= The Outlook (British magazine) =

British weekly periodical (1898–1928)

The Outlook (sometimes just Outlook) was a British weekly periodical, sometimes described as a "review" and sometimes as a "political magazine". The strapline ran on from the title, thus The Outlook: In Politics, Life, Letters, and the Arts. It has been described as the successor to the avant-garde New Review, which had been established in 1889 by W. E. Henley and published works by writers such as Joseph Conrad, Henry James and H. G. Wells before closing in December 1897 due to low circulation figures.

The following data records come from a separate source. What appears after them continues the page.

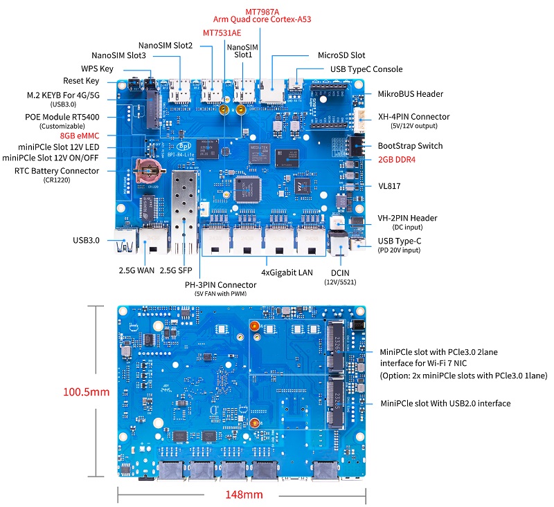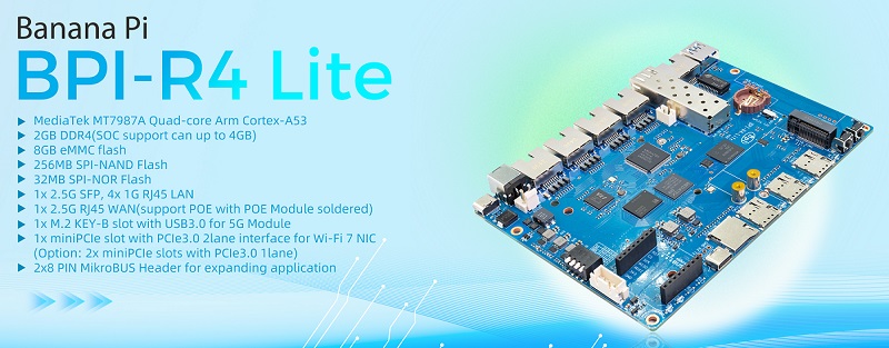 Banana Pi BPI-R4 Lite 智能路由器板采用联发科MT7987A四核Arm Cortex-A53芯片设计,板载支持2GB DDR4和8G eMMC 存储。支持1个2.5G SFP光口和1个2.5G RJ45 WAN口,支持4个1G RJ45 LAN接口。支持M.2接口,可以扩展 4G/5G模块。1x miniPCIe插槽,PCIe3.0 2lane接口,用于Wi-Fi 7无线网卡。
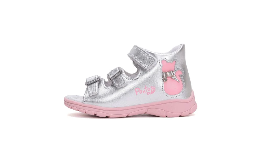 Amennyiben a megfelelő supinált benti váltó lábbelit keresed kislányodnak ez a Ponte20 szandál tökéletes választás lesz számára. Cuki cica mintás, ezüst színű ami biztosan elnyeri kislányod tetszését. Valódi bőrből készült amely puha, tartós és jól szellőzik, hogy gyermeked lábai egész nap kényelmesen érezzék magukat. Talpa supinált, a belső harántemelés a láb természetes ívének megtartásához és az egészséges járás elősegítéséhez járul hozzá. Talpa csúszásmentes gumi, így biztonságos és stabil lépteket biztosít minden felületen. Két csat, egy tépőzáras kialakítású így gyorsan és egyszerűen fel- és levehető, miközben tökéletesen lábfejre illeszkedik.
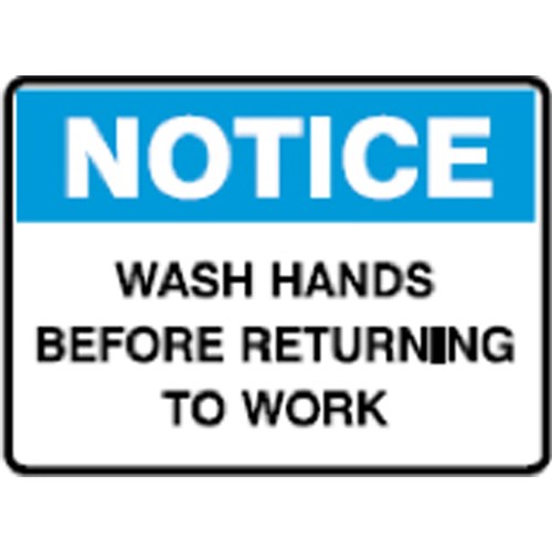 White, blue and black. Wording: Notice Sign Wash Hands Before Returning To Work. Material: Polypropylene. Size: 600W x 450mmH.
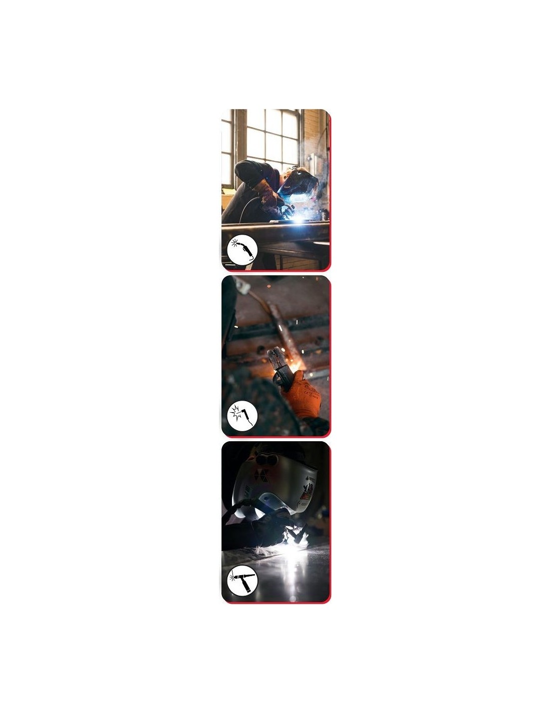 - Galingumas iki 250 A – tinkamas įvairaus storio metalui
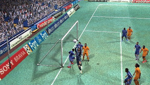 Die Steuerung der Fußballer mit dem Analognippel funktioniert sehr gut, auch die Schüsse und Pässen habt ihr jederzeit gut unter Kontrolle – selbst angeschnittene Bälle sind möglich. Das Steuerkreuz ist dagegen für taktische Befehle reserviert. In Kombination mit der L-Taste legt ihr nicht nur offensive, sondern auch defensive Taktiken wie „Abseitsfalle“ oder eine Raumdeckung fest. Allerdings dürft ihr auch hier keine knallharte Fußballsimulation erwarten, denn dafür ist der flotte Spielablauf noch zu sehr auf den Arcade-Spaß zwischendurch ausgelegt und es fallen verhältnismäßig viele Tore. Dies liegt jedoch auch an den Keepern, die oft sehr früh aus ihrem Kasten rauskommen und so den Stürmern den Weg frei machen. Die Partien laufen durchweg ruckelfrei ab und werden gut inszeniert. Dafür sorgt auch die Kamera, die ihr wie bei der PS2 und dem PC manuell so justieren könnt, bis sie für euch das Geschehen optimal einfängt – ein Luxus, den Xbox 360-Kicker nicht geboten bekommen. Allerdings bekommt die insgesamt gelungene Präsentation kleine Dämpfer: Zwar sehen die Spielermodelle vor allem in den Nahaufnahmen überzeugend aus, doch ist die Zuschauerkulisse dafür erbärmlich. Stellt euch einfach ein TV ohne Empfang vor und ihr bekommt eine Idee davon, wie die Ränge der PSP-Stadien aussehen. Vor allem in Zeitlupen bekommt man fast den Eindruck, als handele es sich bei dem „Flimmer-Schnee“ auf den Tribünen im Hintergrund um einen Grafikfehler. Doch auch im Audiobereich ist nicht alles stadionreif: Die Kommentare, über deren inhaltliche Qualität man sich streiten kann, kommen oft einen ganzen Tick zu spät und wirken daher nicht mehr passend zum Geschehen.

Following the resignation of Henley as editor of the New Review in 1897, Outlook was launched in February 1898 by George Wyndham, who had been involved in Henley's publication. Wyndham installed Percy Hurd as editor of the new magazine. Conrad was engaged as a contributor from the outset and contributed until 1906. He described it at the time of launch:
There is a new weekly coming. Its name The Outlook; its price three pence sterling, its attitude — literary; its policy — Imperialism, tempered by expediency; its mission — to make money for a Jew; its editor Percy Hurd (never heard of him) ...
 There were contemporary claims that it was financed by Cecil Rhodes, with whom Wyndham had a close relationship, and Scott Cohen notes that "balanced and thoughtful" contributions from people such as Rudyard Kipling and Max Beerbohm were secondary to "providing news and commentary on imperial affairs. More often than not, the Outlook reported on imperial politics and policy in a tone of shrill jingoism that differed markedly from the sober reflection which had characterized its predecessor."

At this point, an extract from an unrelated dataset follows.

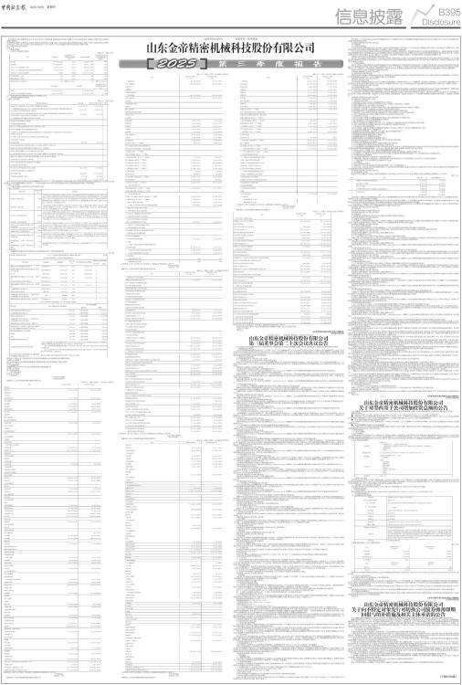 本公司董事会及全体董事保证本公告内容不存在任何虚假记载、误导性陈述或者重大遗漏,并对其内容的真实性、准确性和完整性承担法律责任。 重要内容提示: 公司董事会及董事、高级管理人员保证季度报告内容的真实、准确、完整,不存在虚假记载、误导性陈述或重大遗漏,并承担个别和连带的法律责任。 公司负责人、主管会计工作负责人及会计机构负责人(会计主管人员)保证季度报告中财务信息的真实、准确、完整。 第三季度财务报表是否经审计 □是 √否 一、主要财务数据 (一)主要会计数据和财务指标 单位:元 币种:人民币 ■ 注:“本报告期”指本季度初至本季度末3个月期间,下同。 (二)非经常性损益项目和金额 √适用 □不适用 单位:元 币种:人民币 ■ 对公司将《公开发行证券的公司信息披露解释性公告第1号一一非经常性损益》未列举的项目认定为非经常性损益项目且金额重大的,以及将《公开发行证券的公司信息披露解释性公告第1号一一非经常性损益》中列举的非经常性损益项目界定为经常性损益的项目,应说明原因。 □适用 √不适用 (三)主要会计数据、财务指标发生变动的情况、原因 √适用 □不适用 ■ 二、股东信息 (一)普通股股东总数和表决权恢复的优先股股东数量及前十名股东持股情况表 单位:股 ■ 持股5%以上股东、前10名股东及前10名无限售流通股股东参与转融通业务出借股份情况 □适用 √不适用 前10名股东及前10名无限售流通股股东因转融通出借/归还原因导致较上期发生变化 □适用 √不适用 三、其他提醒事项 需提醒投资者关注的关于公司报告期经营情况的其他重要信息 □适用 √不适用 四、季度财务报表 (一)审计意见类型 □适用 √不适用 (二)财务报表 合并资产负债表 2025年9月30日 编制单位:山东金帝精密机械科技股份有限公司 单位:元 币种:人民币 审计类型:未经审计 ■ 公司负责人:郑广会主管会计工作负责人:薛泰尧会计机构负责人:张丹丹 合并利润表 2025年1一9月 编制单位:山东金帝精密机械科技股份有限公司 单位:元 币种:人民币 审计类型:未经审计 ■ 公司负责人:郑广会主管会计工作负责人:薛泰尧会计机构负责人:张丹丹 合并现金流量表 2025年1一9月 编制单位:山东金帝精密机械科技股份有限公司 单位:元 币种:人民币 审计类型:未经审计 ■ 公司负责人:郑广会主管会计工作负责人:薛泰尧会计机构负责人:张丹丹 母公司资产负债表 2025年9月30日 编制单位:山东金帝精密机械科技股份有限公司 单位:元 币种:人民币 审计类型:未经审计 ■ 公司负责人:郑广会主管会计工作负责人:薛泰尧会计机构负责人:张丹丹 母公司利润表 2025年1一9月 编制单位:山东金帝精密机械科技股份有限公司 单位:元 币种:人民币审计类型:未经审计 ■ 公司负责人:郑广会主管会计工作负责人:薛泰尧会计机构负责人:张丹丹 母公司现金流量表 2025年1一9月 编制单位:山东金帝精密机械科技股份有限公司 单位:元 币种:人民币审计类型:未经审计 ■ 公司负责人:郑广会主管会计工作负责人:薛泰尧会计机构负责人:张丹丹 2025年起首次执行新会计准则或准则解释等涉及调整首次执行当年年初的财务报表 □适用 √不适用 特此公告。 山东金帝精密机械科技股份有限公司董事会 2025年10月30日 证券代码:603270 证券简称:金帝股份 公告编号:2025-091 山东金帝精密机械科技股份有限公司 第三届董事会第二十次会议决议公告 本公司董事会及全体董事保证本公告内容不存在任何虚假记载、误导性陈述或者重大遗漏,并对其内容的真实性、准确性和完整性承担法律责任。 一、董事会会议召开情况 山东金帝精密机械科技股份有限公司(以下简称“公司”)第三届董事会第二十次会议通知于2025年10月24日以通讯方式向全体董事发出。会议于2025年10月29日以现场结合通讯方式在公司会议室召开。本次会议由董事长郑广会主持,本次会议应出席会议董事9人,实际出席会议董事9人,高级管理人员列席会议。本次会议的召集、召开及表决程序符合《中华人民共和国公司法》《上海证券交易所股票上市规则》等相关法律、行政法规、规范性文件及《山东金帝精密机械科技股份有限公司章程》的有关规定。 二、董事会会议审议情况 经与会董事投票表决,审议通过了如下议案: (一)审议通过《关于公司2025年第三季度报告的议案》 根据《中华人民共和国证券法》《上市公司信息披露管理办法》《上海证券交易所股票上市规则》《上海证券交易所上市公司自律监管指南第1号一一公告格式》附件《第五十二号 上市公司季度报告》等有关规定,结合公司2025年第三季度相关运营情况及财务数据等信息,公司已编制完成了2025年第三季度报告。 表决结果:同意9票,反对0票,弃权0票。 本议案已经审计委员会审议通过,并提交董事会审议。 具体内容详见公司于同日在上海证券交易所网站(www.sse.com.cn)披露的《山东金帝精密机械科技股份有限公司2025年第三季度报告》。 (二)审议通过《关于公司2025年三季度利润分配方案的议案》 根据公司章程、《上市公司监管指引第3号一一上市公司现金分红(2023年修订)》等法律法规的有关规定,综合考虑公司未来的资金安排计划及发展规划,公司拟定2025年三季度利润分配方案为:拟以实施权益分派股权登记日登记的总股本
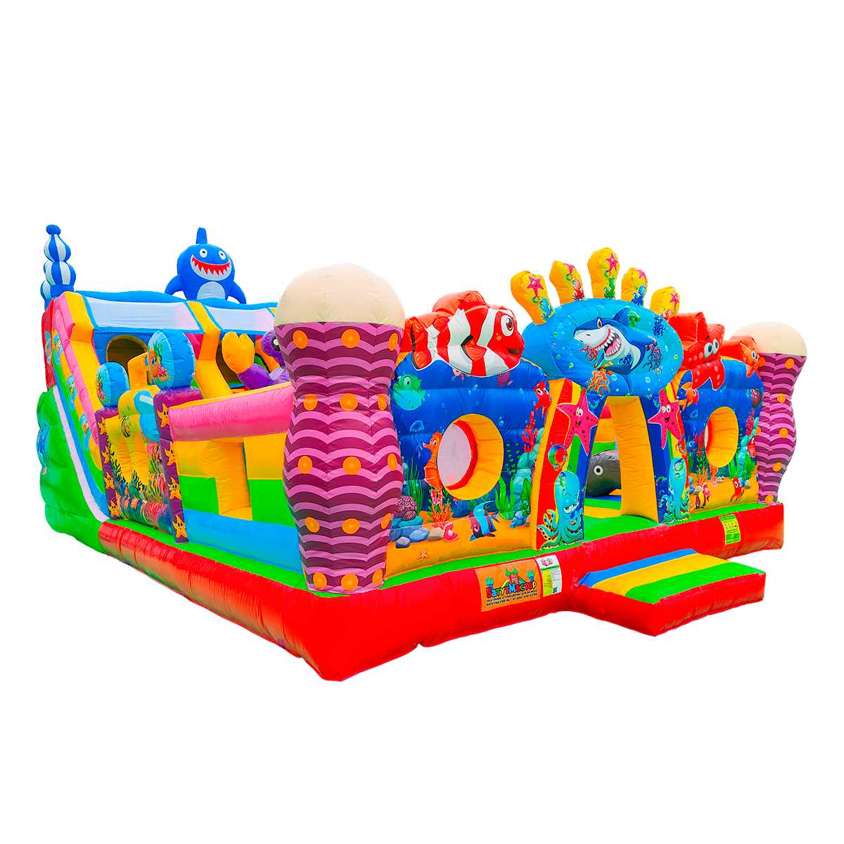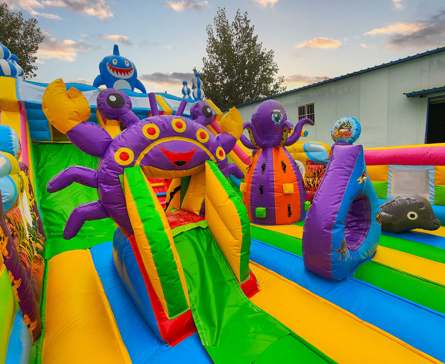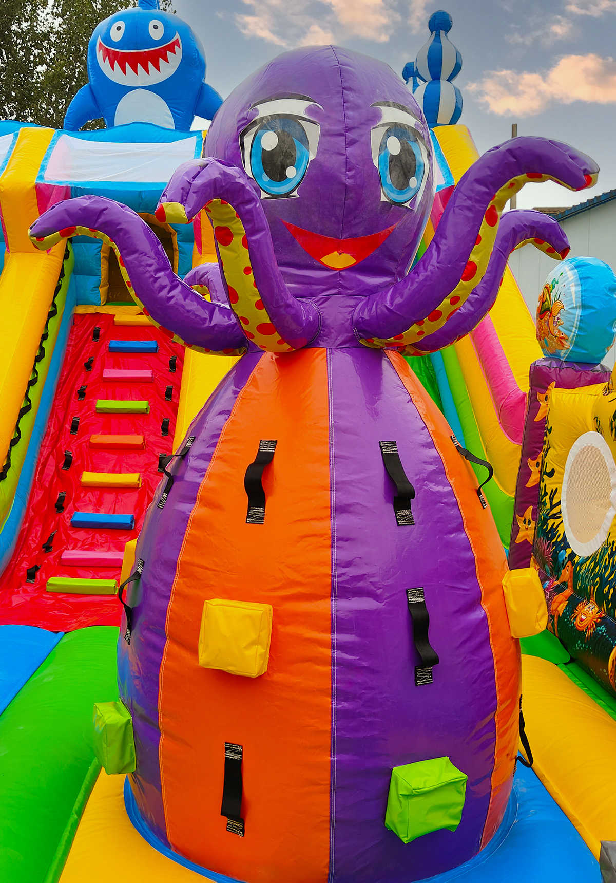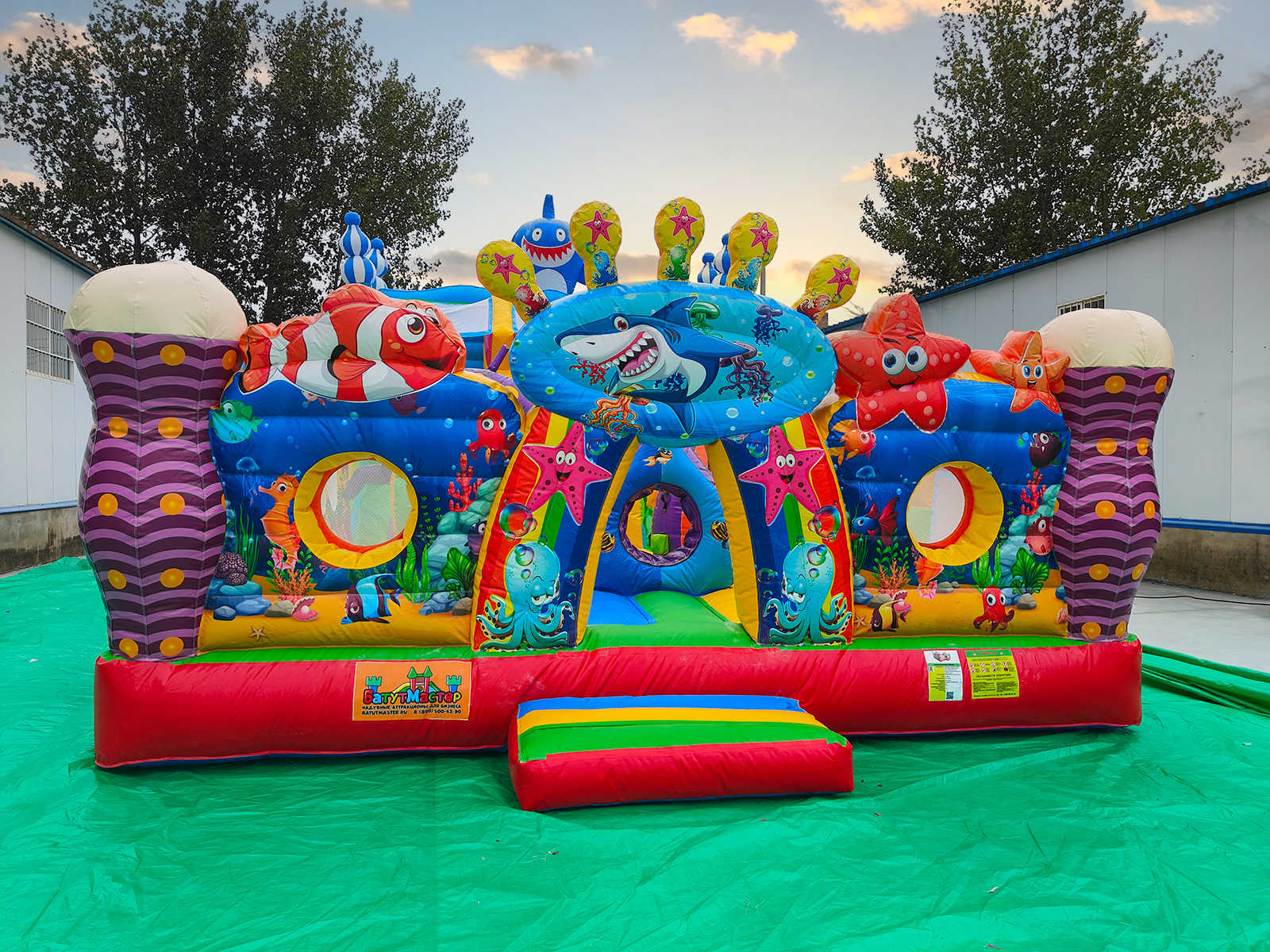 - Множество игровых элементов в одном аттракционе: батут + горка + скалодром + надувные морские обитатели.

Wyndham was forced by pressure of his work as a Member of Parliament to withdraw from involvement with the magazine in 1904. By now supporting the Tariff Reform League of Joseph Chamberlain, Outlook was bought by Charles Sydney Goldman, who had made a fortune from his involvement in mining in Transvaal. Goldman appointed James Louis Garvin as editor. Garvin employed people such as Edward Grigg, William Beach Thomas and E. C. Bentley, and also published work by Sara Jeanette Duncan. Under his guidance, the magazine supported the Conservative Party against the Liberal Party in the 1906 United Kingdom general election. He was unable to make the venture profitable and left in January 1908 to become editor of The Observer.

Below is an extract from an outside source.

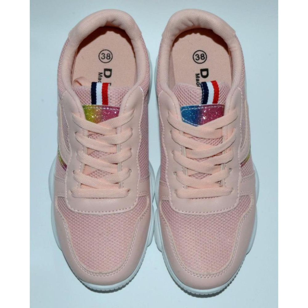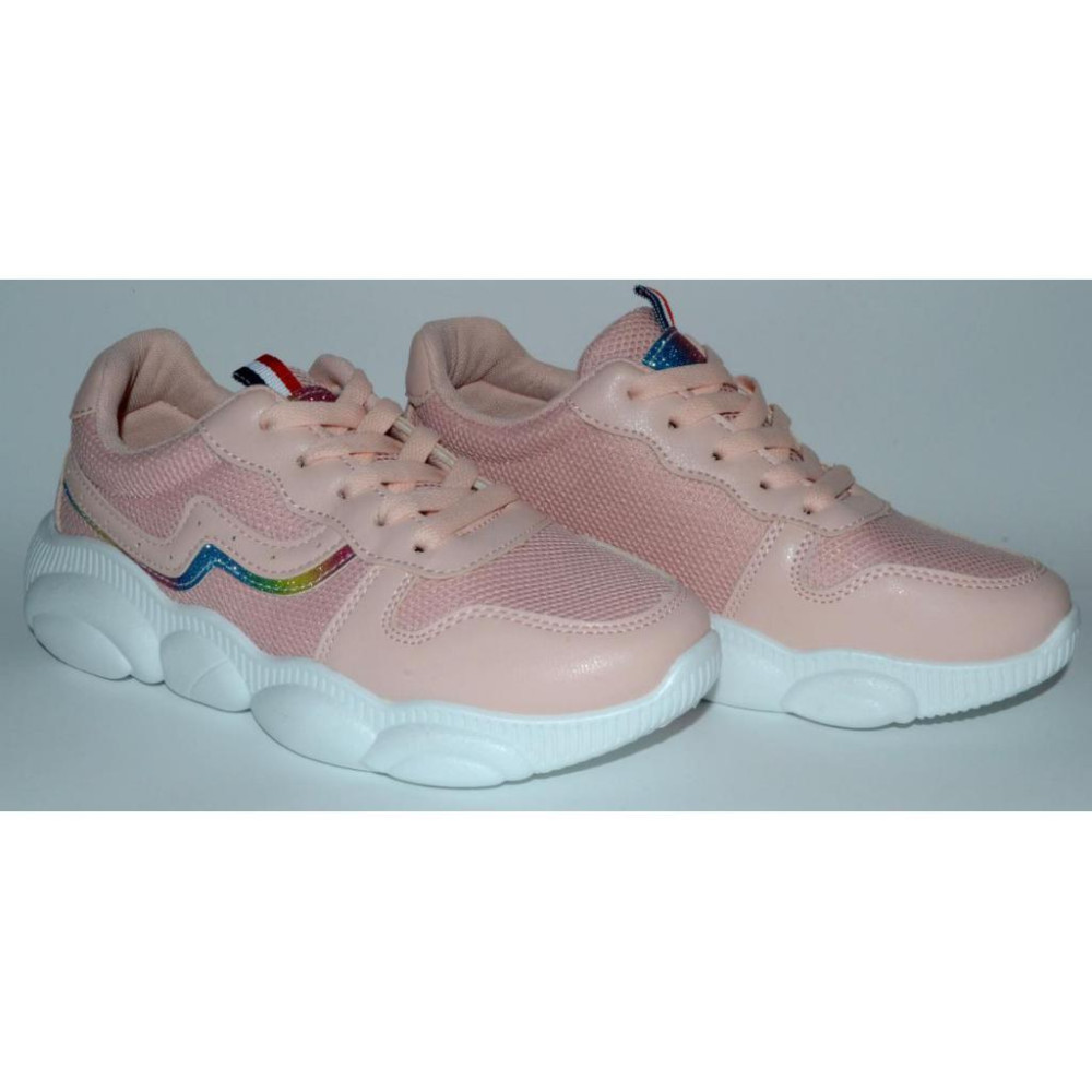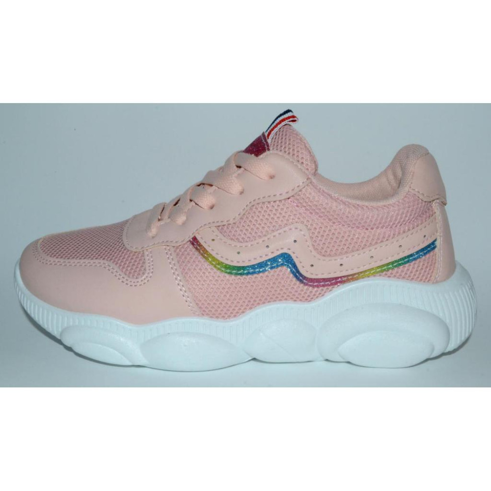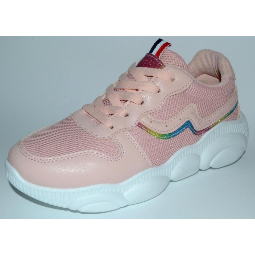 Основний колір - "рожева пудра", підошва біла, різнокольорові райдужні елементи.

Outlook remained a supporter of the Conservative cause following the departure of Garvin. Although he detested the work, the poet and socialist Basil Bunting wrote reviews and articles for the magazine from February 1927 and, although inexperienced, was appointed its music critic in October of that year. He remained until the magazine ceased publication in 1928 and noted that
The Outlook told me that when I wrote sober I was too highbrow for them, so mostly I wrote drunk, and goodness knows what foolish things I may have written.

According to Bunting, the closure was due to "a libel action that it didn't want to face."